I used to take Lily out for all her grooming, but decided finally last year to take the plunge since I am hoping to add another spoo next year and figure that taking two dogs out for grooming would be a big cost issue. 

I was lucky that a friend who has a mini and is a professional groomer helped me get started. I am also lucky that Lily is very good on the table. I talk to her while I work and I think it is good relationship time. 

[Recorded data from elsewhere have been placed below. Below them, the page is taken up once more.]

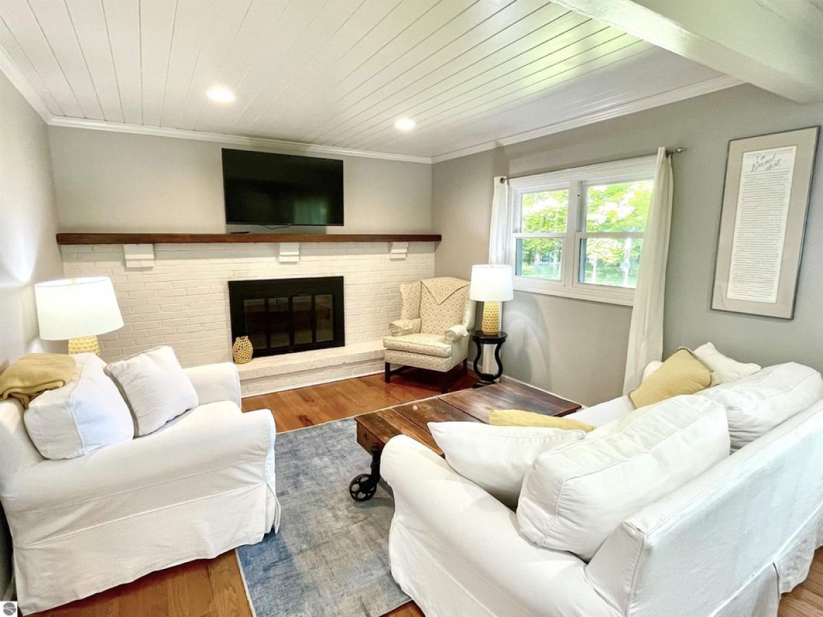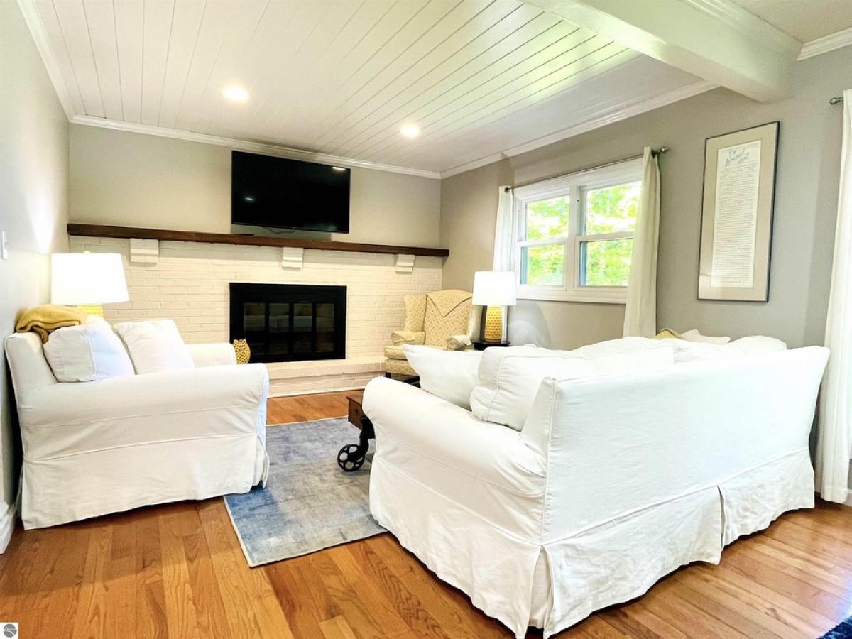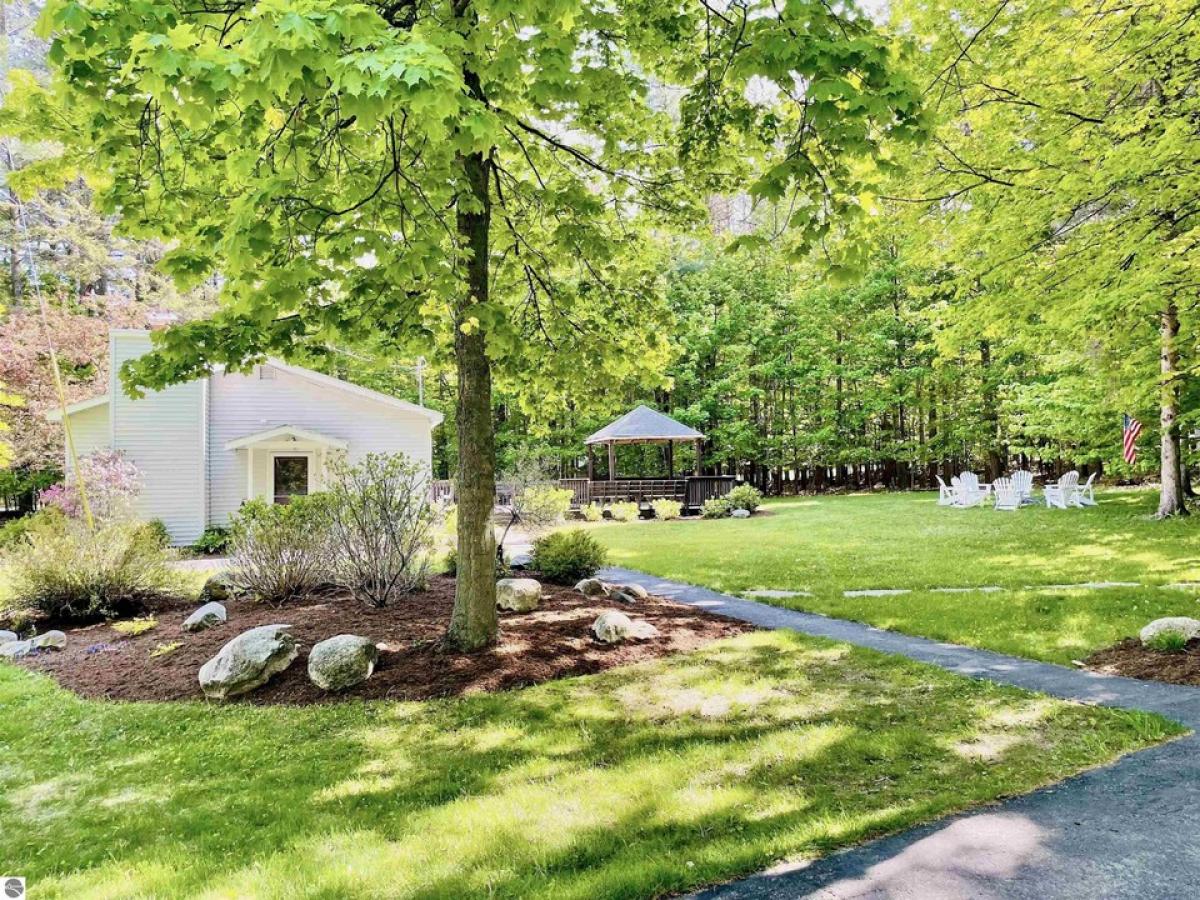 CHARMING COTTAGE FLAIR accompanies this 3BR, 2 bath home with shared Torch Lake frontage across the street. Airy, bright and remodeled on the inside with tongue-&-groove and bead-board ceilings, real hardwood floors, a light and bright modern kitchen with granite countertops, subway tile backsplash, and stainless appliances. A natural wood-burning fireplace is the focal point of the cozy living room. The primary bedroom features large closets and a remodeled bathroom with large walk-in shower and granite countertops. Updated large laundry/mud room with ample cabinets and additional refrigerator. New furnace, central air conditioning, on-demand hot water heater to name a few comfort features. Inside the oversized garage has accents resembling timber-frame barns of days past, with workshop space and plenty of room for all your storage needs. The manicured grounds welcoming you to the spacious deck & covered gazebo overlooking the private large yard and fire-pit situated on 1.7 partially wooded acres with seasonal & peek-a-boo views of Torch Lake; providing a quiet and serene setting. The shared access on Torch Lake is ideal for kayaking, paddleboarding, swimming, or simply relaxing at the water's edge. Nearby towns and villages offer dining, shopping, gallery browsing, wineries, breweries, beaches, hiking trails, skiing, golf, and more. An ideal setup for a summer getaway or year-round home. All of this and it comes FURNISHED.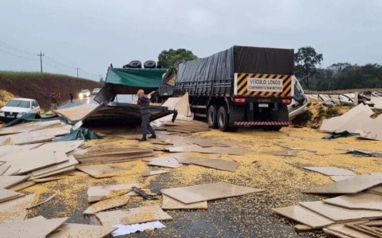 Segundo informações da Polícia Rodoviária Estadual  (PRE), o acidente que ocorreu por volta das 8h30 , entre Pato Branco e Mariópolis, e envolveu um caminhão carregado com milho de São Mateus do Sul/PR e um caminhão que transportava compensados com  placas de Ampére/PR.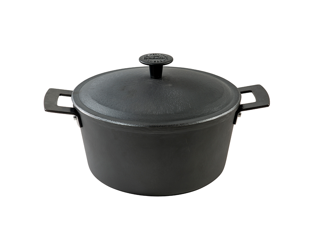 Lätt gjutjärnsgryta 4 liter, rund Ø24cm. Gjutjärnslock med bakelitknopp som tål ugnsvärme till ca 220ºC. Undersidans diameter ca 19cm. Kanthöjd ca 12cm. Vikt ca 3,1kg. Dubbla smidda handtag.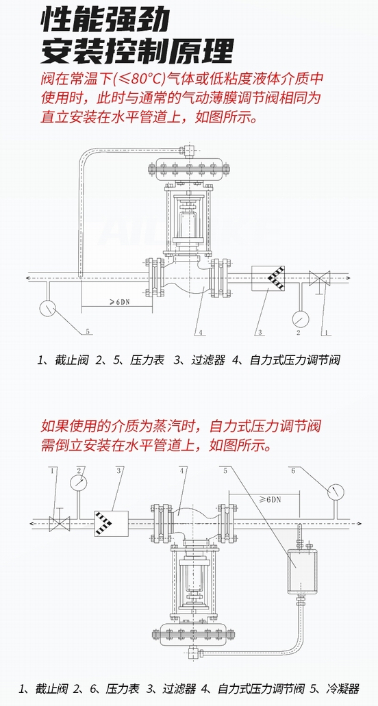 安裝方便:不需要用電和氣等輔助能源,依靠管道內被控介質的自身壓力進行控制,結構簡單、安裝方便、投資小運行成本低。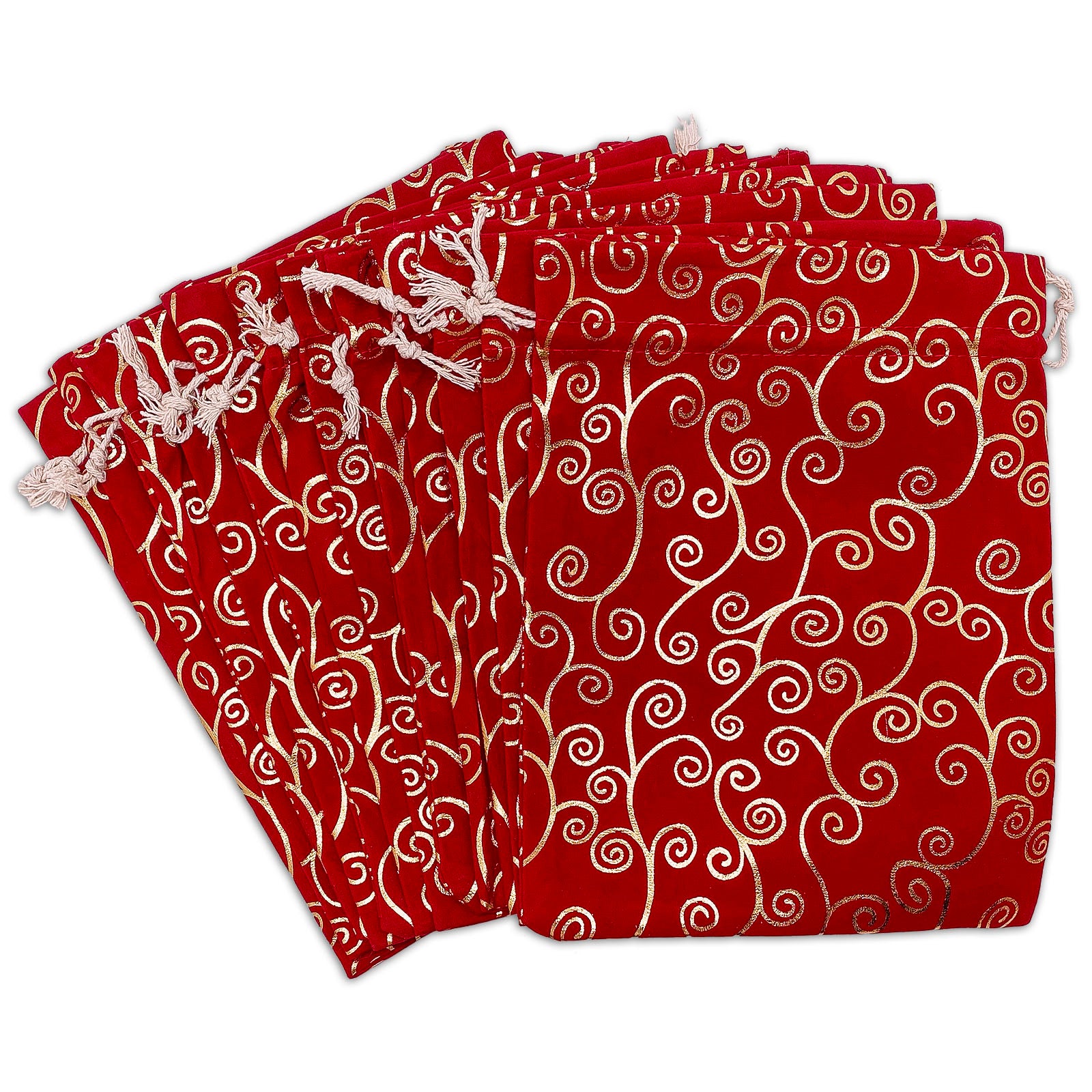 8" x 10" Red Velvet Gold Swirl Christmas Drawstring Gift Bags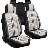 تصميم خاص: يختلف عن أغطية المقاعد الأخرى، يتضمن هذا المنتج أحدث تصميم: مسند الرأس وجانب المقعد مغطى بالكامل بزاوية 360 درجة، ولا يوجد ضمادة مرئية. قم بتحسين مظهر سيارتك على الفور باستخدام هذه الأغطية.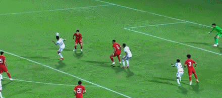 背水一战的国足一开始就展现出斗志,就如李铁赛前发布会所说,全队都已经为比赛准备好了——前四场比赛,国足上半场没有进球,这个尴尬也在第21分钟被打破: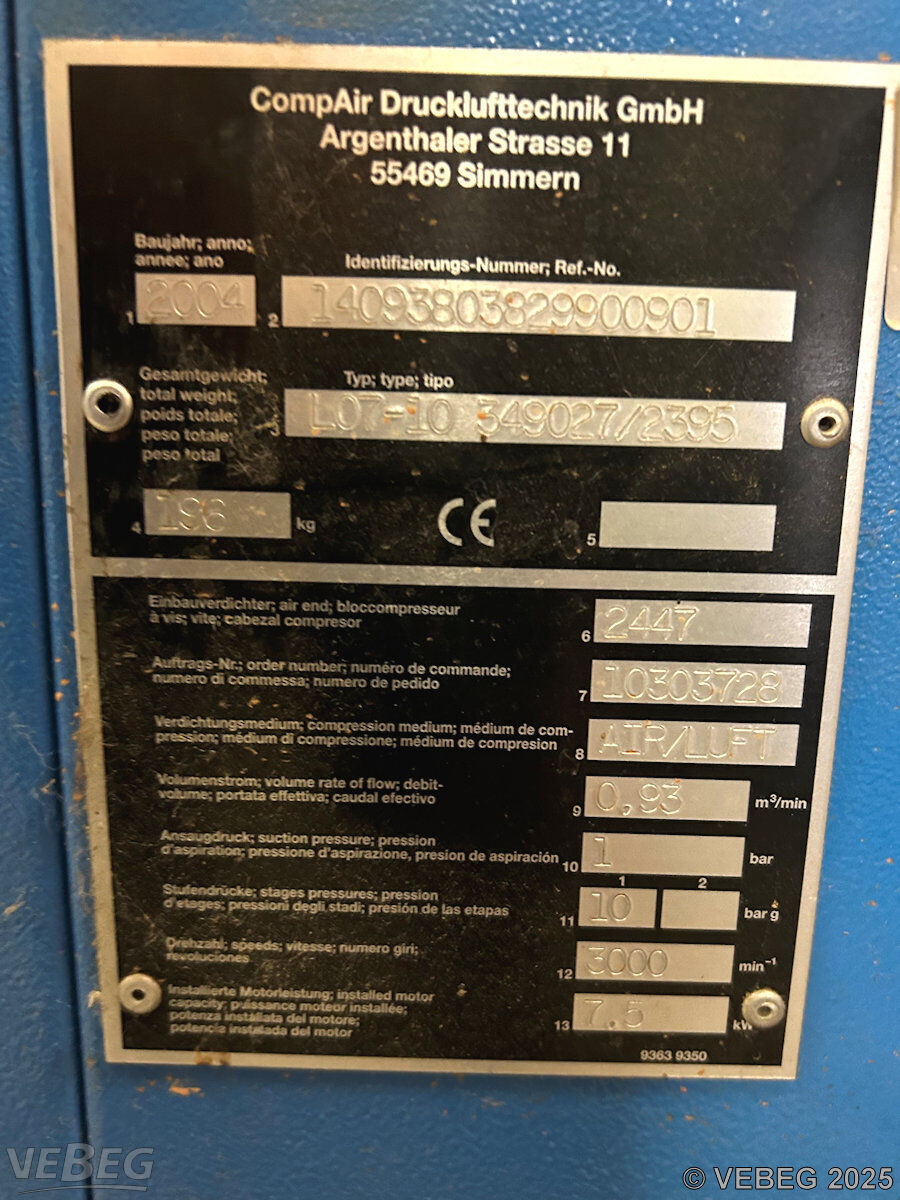 Luftkompressor CompAir L07-10 u. a.

You don't have to do the whole groom in one sitting if you don't want so if you are thinking you don't have the time just remember you can break it up.


----------



## PoodleRick (Mar 18, 2013)

lily cd re said:


> I used to take Lily out for all her grooming, but decided finally last year to take the plunge since I am hoping to add another spoo next year and figure that taking two dogs out for grooming would be a big cost issue.
> 
> I was lucky that a friend who has a mini and is a professional groomer helped me get started. I am also lucky that Lily is very good on the table. I talk to her while I work and I think it is good relationship time.
> 
> *You don't have to do the whole groom in one sitting if you don't want so if you are thinking you don't have the time just remember you can break it up.*


Exactly. Since I don't have a dryer I usually bathe Saturday morning then groom Sunday and usually break that up. FFT in the morning then body in the afternoon or evening. Or body first then FFT.

Rick


----------



## lily cd re (Jul 23, 2012)

PoodleRick said:


> Exactly. Since I don't have a dryer I usually bathe Saturday morning then groom Sunday and usually break that up. FFT in the morning then body in the afternoon or evening. Or body first then FFT.
> 
> Rick


Get yourself a dryer young man!  I am so happy to have opted for a force dryer as a Christmas gift this last year. It cuts way down on the time.


----------



## PoodleRick (Mar 18, 2013)

You know how long it's been since someone called me young? 

Rick


----------



## Marcie (Aug 2, 2011)

Momoshells said:


> ...how long did it take you to learn? What tools do you need to start doing it? How long does it take to groom a mini or standard? I'm looking to get a mini or standard poo for our family, haven't decided which yet. I'd really like to do the grooming myself, mostly to save money but I also think I would enjoy it. Is this a realistic expectation?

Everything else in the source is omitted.